Every line from the start of the records through the line with "从地图上看环草海一条长约23" is to be written out exactly; pictures are not.
+++
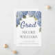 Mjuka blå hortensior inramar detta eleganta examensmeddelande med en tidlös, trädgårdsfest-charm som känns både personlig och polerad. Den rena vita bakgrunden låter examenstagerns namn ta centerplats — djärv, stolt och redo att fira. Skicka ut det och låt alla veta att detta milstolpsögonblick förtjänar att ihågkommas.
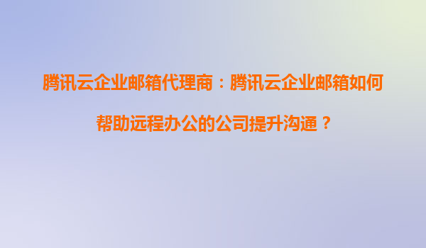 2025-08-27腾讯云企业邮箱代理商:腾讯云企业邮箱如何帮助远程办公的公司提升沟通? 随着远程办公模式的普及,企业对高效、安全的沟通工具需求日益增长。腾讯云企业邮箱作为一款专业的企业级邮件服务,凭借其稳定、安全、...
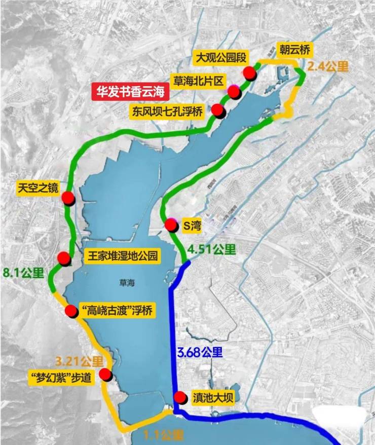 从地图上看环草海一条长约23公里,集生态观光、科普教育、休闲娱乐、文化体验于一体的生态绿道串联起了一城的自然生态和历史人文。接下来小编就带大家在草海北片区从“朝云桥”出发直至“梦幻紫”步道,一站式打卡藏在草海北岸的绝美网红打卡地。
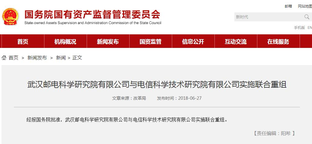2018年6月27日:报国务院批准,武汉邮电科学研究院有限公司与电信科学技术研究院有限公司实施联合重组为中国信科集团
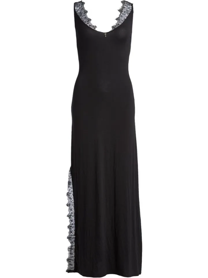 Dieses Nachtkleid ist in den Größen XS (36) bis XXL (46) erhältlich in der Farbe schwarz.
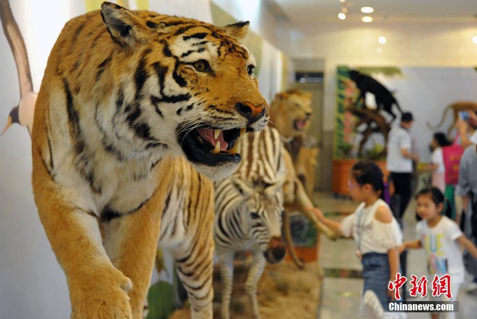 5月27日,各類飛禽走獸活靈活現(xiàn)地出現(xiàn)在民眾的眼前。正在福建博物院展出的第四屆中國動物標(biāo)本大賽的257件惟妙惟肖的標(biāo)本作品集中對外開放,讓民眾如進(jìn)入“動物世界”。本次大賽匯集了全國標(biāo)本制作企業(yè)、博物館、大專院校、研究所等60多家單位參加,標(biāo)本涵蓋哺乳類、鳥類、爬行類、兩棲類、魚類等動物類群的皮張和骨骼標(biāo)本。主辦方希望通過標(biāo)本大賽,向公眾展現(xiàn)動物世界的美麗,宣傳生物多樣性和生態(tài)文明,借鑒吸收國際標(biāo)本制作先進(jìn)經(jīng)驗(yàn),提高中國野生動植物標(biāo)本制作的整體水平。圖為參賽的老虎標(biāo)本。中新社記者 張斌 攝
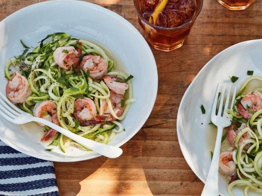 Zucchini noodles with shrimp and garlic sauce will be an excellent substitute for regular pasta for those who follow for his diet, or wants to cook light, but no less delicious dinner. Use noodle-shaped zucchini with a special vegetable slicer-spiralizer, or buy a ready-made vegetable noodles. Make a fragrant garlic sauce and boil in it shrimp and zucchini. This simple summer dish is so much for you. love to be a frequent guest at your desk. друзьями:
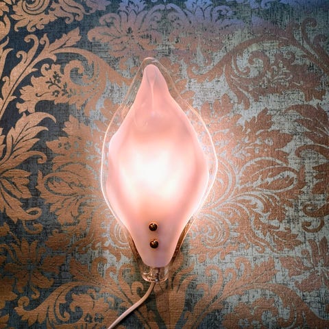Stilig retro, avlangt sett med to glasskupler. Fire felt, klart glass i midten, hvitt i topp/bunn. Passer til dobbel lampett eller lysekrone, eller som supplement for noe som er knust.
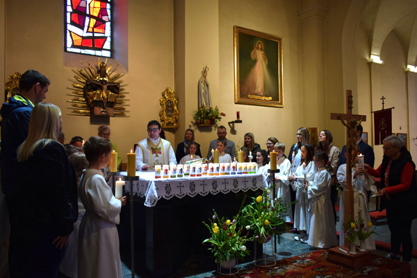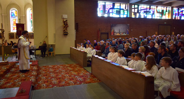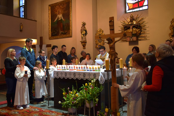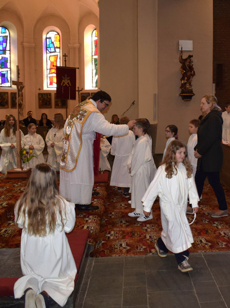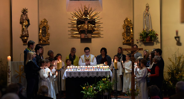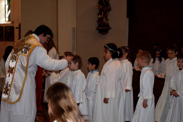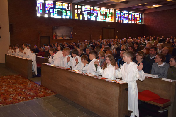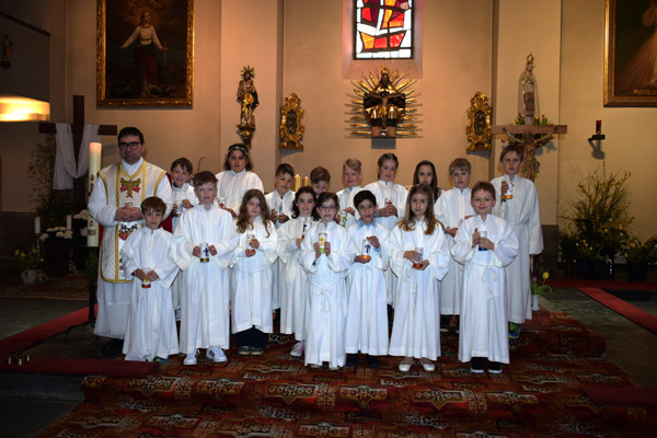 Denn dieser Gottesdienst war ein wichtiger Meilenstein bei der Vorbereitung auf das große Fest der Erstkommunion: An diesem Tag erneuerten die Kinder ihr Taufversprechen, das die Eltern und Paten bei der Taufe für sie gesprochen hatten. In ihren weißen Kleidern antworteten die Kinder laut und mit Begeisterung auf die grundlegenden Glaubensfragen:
+++
WRITTEN RESPONSE
 Mjuka blå hortensior inramar detta eleganta examensmeddelande med en tidlös, trädgårdsfest-charm som känns både personlig och polerad. Den rena vita bakgrunden låter examenstagerns namn ta centerplats — djärv, stolt och redo att fira. Skicka ut det och låt alla veta att detta milstolpsögonblick förtjänar att ihågkommas.
 2025-08-27腾讯云企业邮箱代理商:腾讯云企业邮箱如何帮助远程办公的公司提升沟通? 随着远程办公模式的普及,企业对高效、安全的沟通工具需求日益增长。腾讯云企业邮箱作为一款专业的企业级邮件服务,凭借其稳定、安全、...
 从地图上看环草海一条长约23公里,集生态观光、科普教育、休闲娱乐、文化体验于一体的生态绿道串联起了一城的自然生态和历史人文。接下来小编就带大家在草海北片区从“朝云桥”出发直至“梦幻紫”步道,一站式打卡藏在草海北岸的绝美网红打卡地。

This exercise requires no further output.